- _TASK REQUIREMENTS_
Exactly reproduce the lines of the listing below from the one containing "Приводной ремень привода" through the one containing "Lechuga como tapas, 140gr". Skip the images.

- _SOURCE DATA_
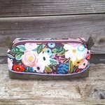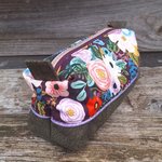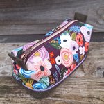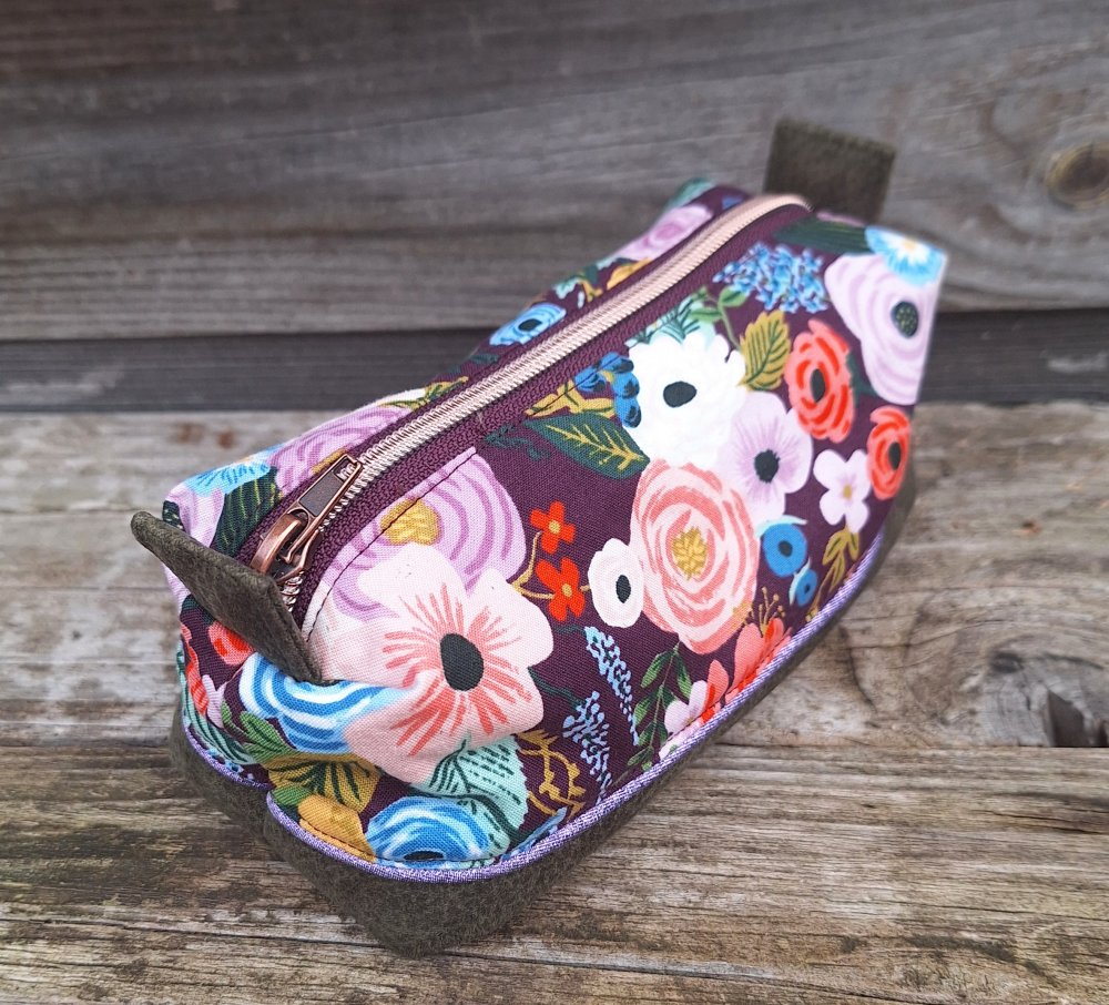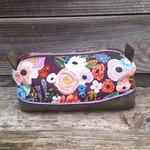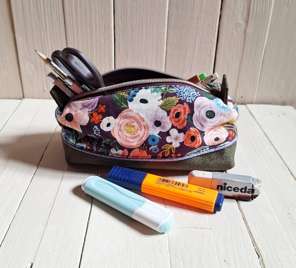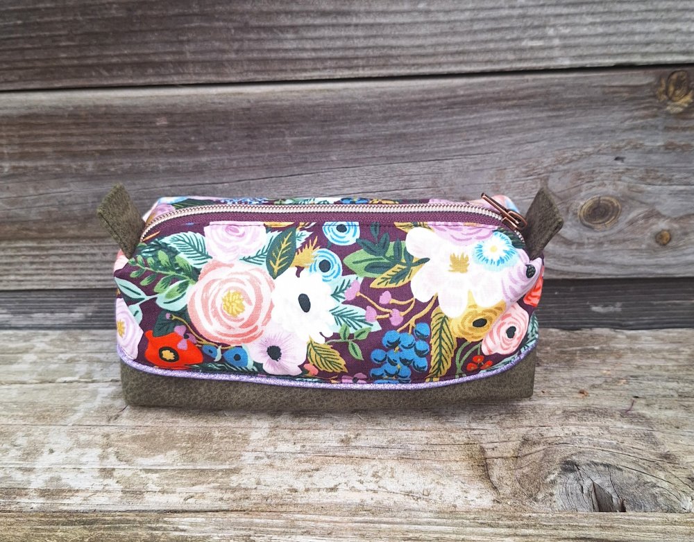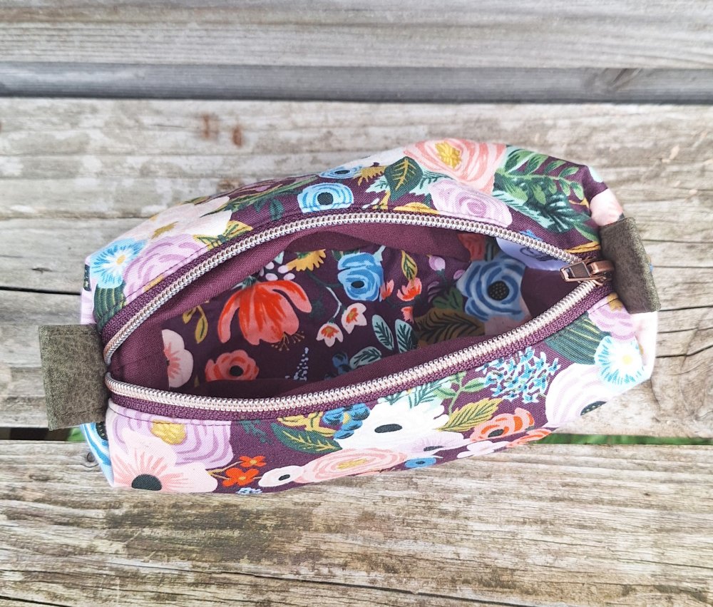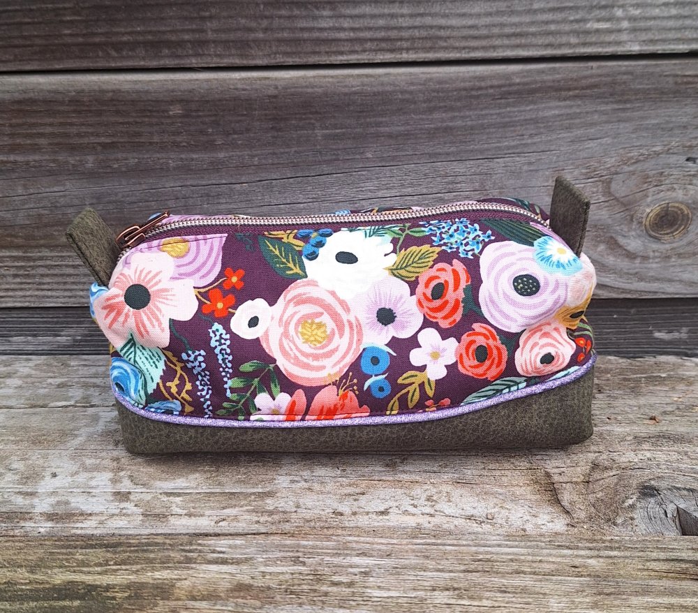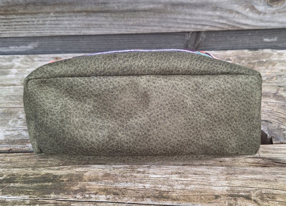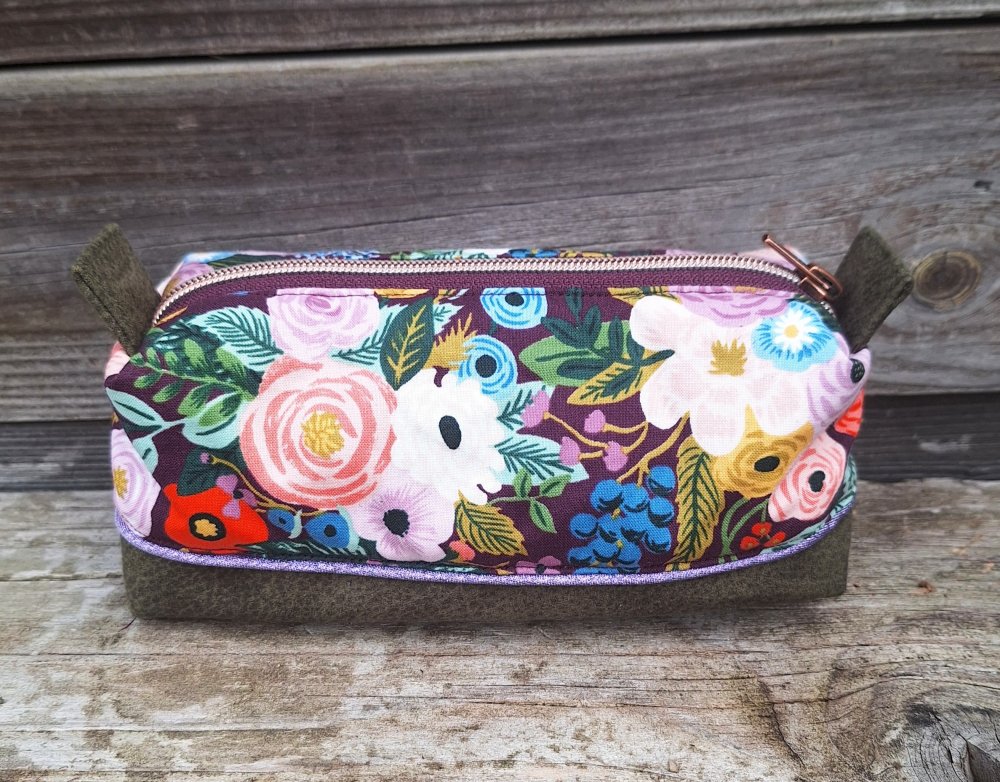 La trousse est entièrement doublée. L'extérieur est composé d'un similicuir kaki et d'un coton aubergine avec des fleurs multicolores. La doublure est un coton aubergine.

---

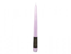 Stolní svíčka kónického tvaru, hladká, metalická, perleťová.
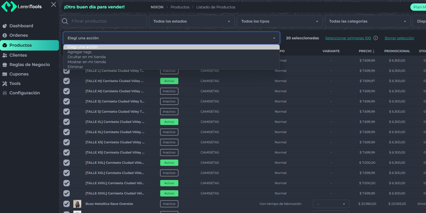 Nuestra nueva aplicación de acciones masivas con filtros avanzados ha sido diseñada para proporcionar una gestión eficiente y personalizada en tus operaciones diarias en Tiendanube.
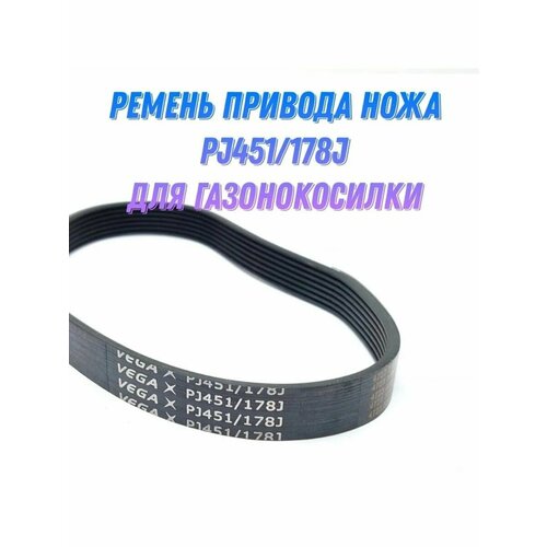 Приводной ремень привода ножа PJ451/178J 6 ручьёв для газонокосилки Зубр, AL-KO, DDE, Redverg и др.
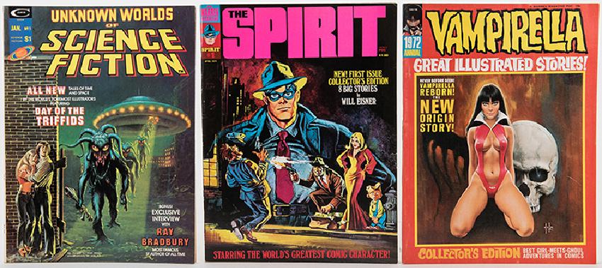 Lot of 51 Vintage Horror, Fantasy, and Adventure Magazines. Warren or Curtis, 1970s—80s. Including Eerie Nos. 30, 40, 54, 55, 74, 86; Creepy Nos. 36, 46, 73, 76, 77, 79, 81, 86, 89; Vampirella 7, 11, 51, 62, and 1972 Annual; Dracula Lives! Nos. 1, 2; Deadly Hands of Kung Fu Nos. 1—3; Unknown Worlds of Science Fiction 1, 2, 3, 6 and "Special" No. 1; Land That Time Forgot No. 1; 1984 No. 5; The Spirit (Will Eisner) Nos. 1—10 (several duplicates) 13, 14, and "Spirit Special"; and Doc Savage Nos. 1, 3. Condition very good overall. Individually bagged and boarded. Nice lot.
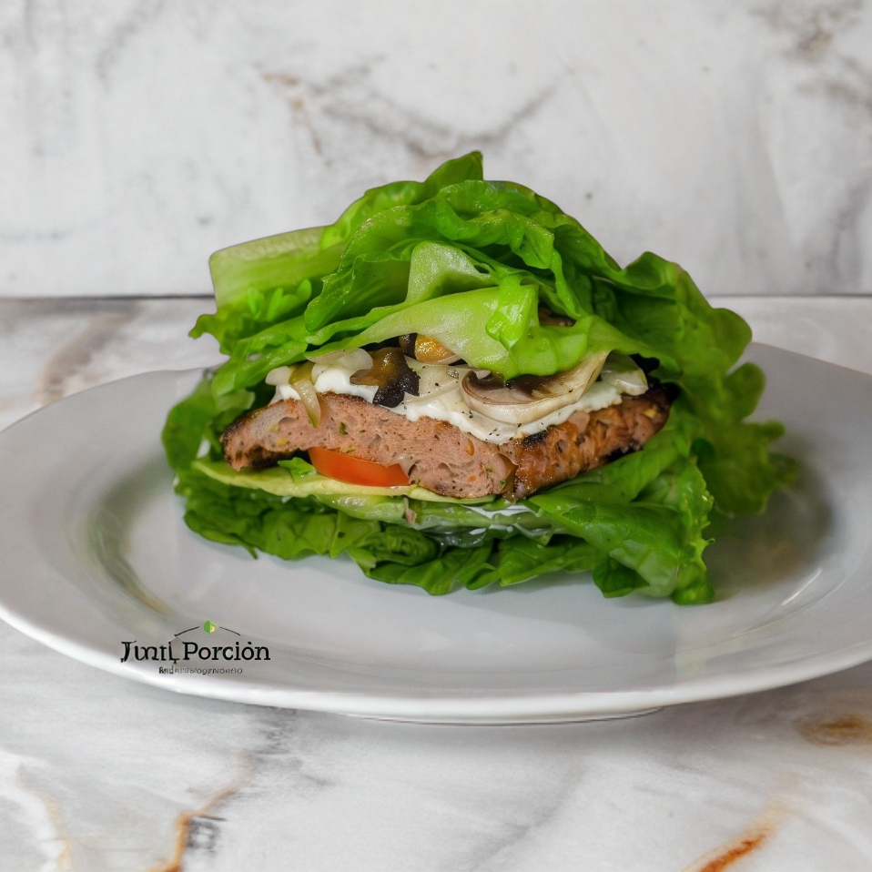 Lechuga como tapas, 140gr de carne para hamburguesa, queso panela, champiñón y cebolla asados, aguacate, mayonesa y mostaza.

...

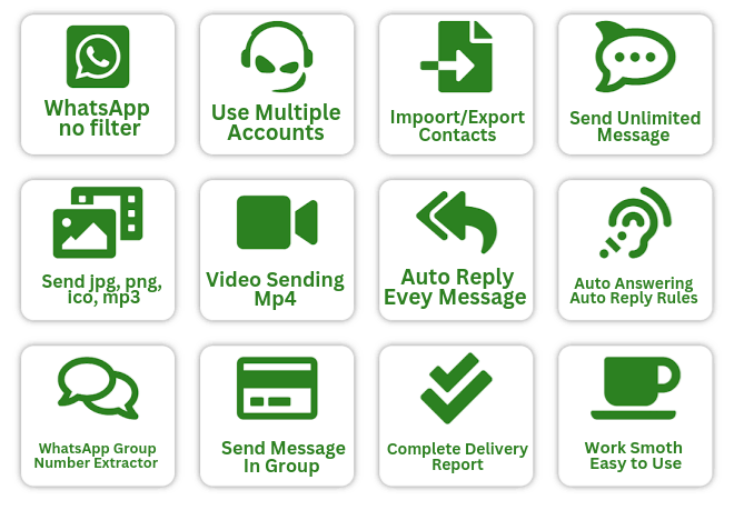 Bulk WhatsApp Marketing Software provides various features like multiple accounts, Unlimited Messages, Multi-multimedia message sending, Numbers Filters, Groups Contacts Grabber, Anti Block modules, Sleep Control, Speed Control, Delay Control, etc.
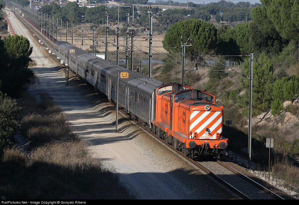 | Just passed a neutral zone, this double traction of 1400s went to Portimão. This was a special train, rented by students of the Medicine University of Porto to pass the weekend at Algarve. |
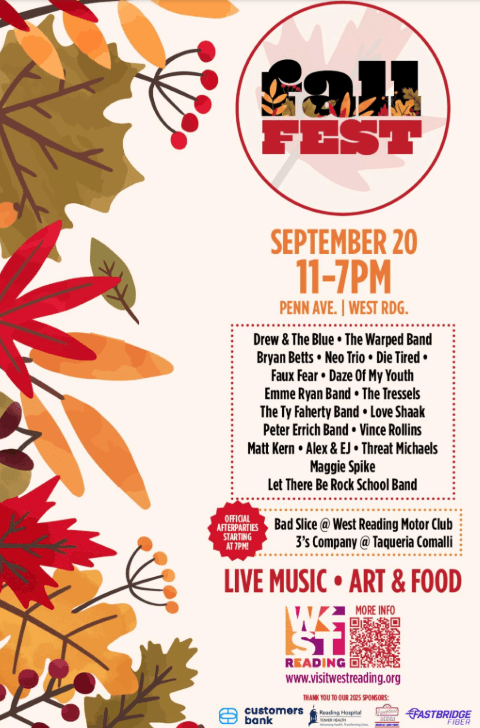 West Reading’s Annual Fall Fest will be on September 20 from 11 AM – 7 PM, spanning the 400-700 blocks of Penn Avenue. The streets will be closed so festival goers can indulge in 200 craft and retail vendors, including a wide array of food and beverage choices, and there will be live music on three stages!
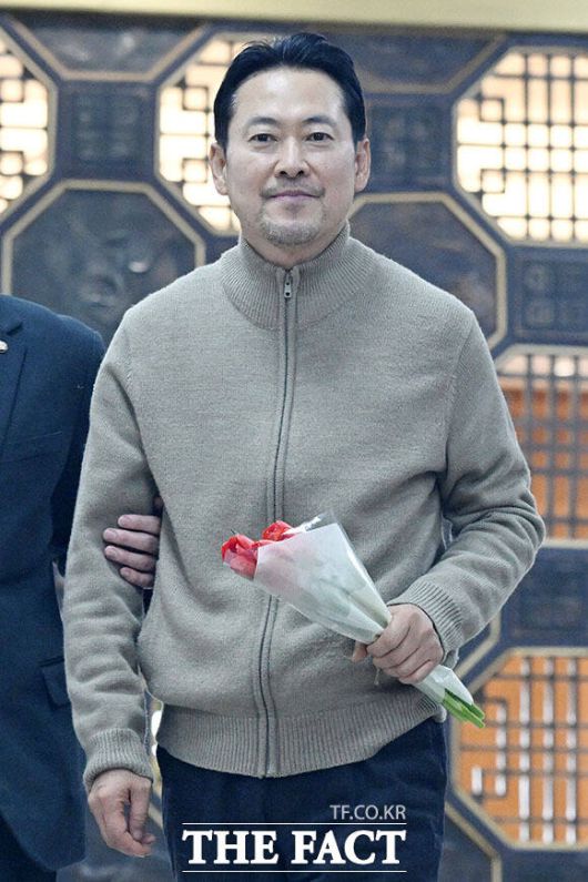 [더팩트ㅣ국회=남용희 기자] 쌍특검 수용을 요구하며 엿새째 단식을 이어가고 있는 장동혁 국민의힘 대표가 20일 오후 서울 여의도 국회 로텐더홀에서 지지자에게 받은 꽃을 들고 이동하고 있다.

- _OUTPUT FOR THIS TASK_
 Приводной ремень привода ножа PJ451/178J 6 ручьёв для газонокосилки Зубр, AL-KO, DDE, Redverg и др.
 Lot of 51 Vintage Horror, Fantasy, and Adventure Magazines. Warren or Curtis, 1970s—80s. Including Eerie Nos. 30, 40, 54, 55, 74, 86; Creepy Nos. 36, 46, 73, 76, 77, 79, 81, 86, 89; Vampirella 7, 11, 51, 62, and 1972 Annual; Dracula Lives! Nos. 1, 2; Deadly Hands of Kung Fu Nos. 1—3; Unknown Worlds of Science Fiction 1, 2, 3, 6 and "Special" No. 1; Land That Time Forgot No. 1; 1984 No. 5; The Spirit (Will Eisner) Nos. 1—10 (several duplicates) 13, 14, and "Spirit Special"; and Doc Savage Nos. 1, 3. Condition very good overall. Individually bagged and boarded. Nice lot.
 Lechuga como tapas, 140gr de carne para hamburguesa, queso panela, champiñón y cebolla asados, aguacate, mayonesa y mostaza.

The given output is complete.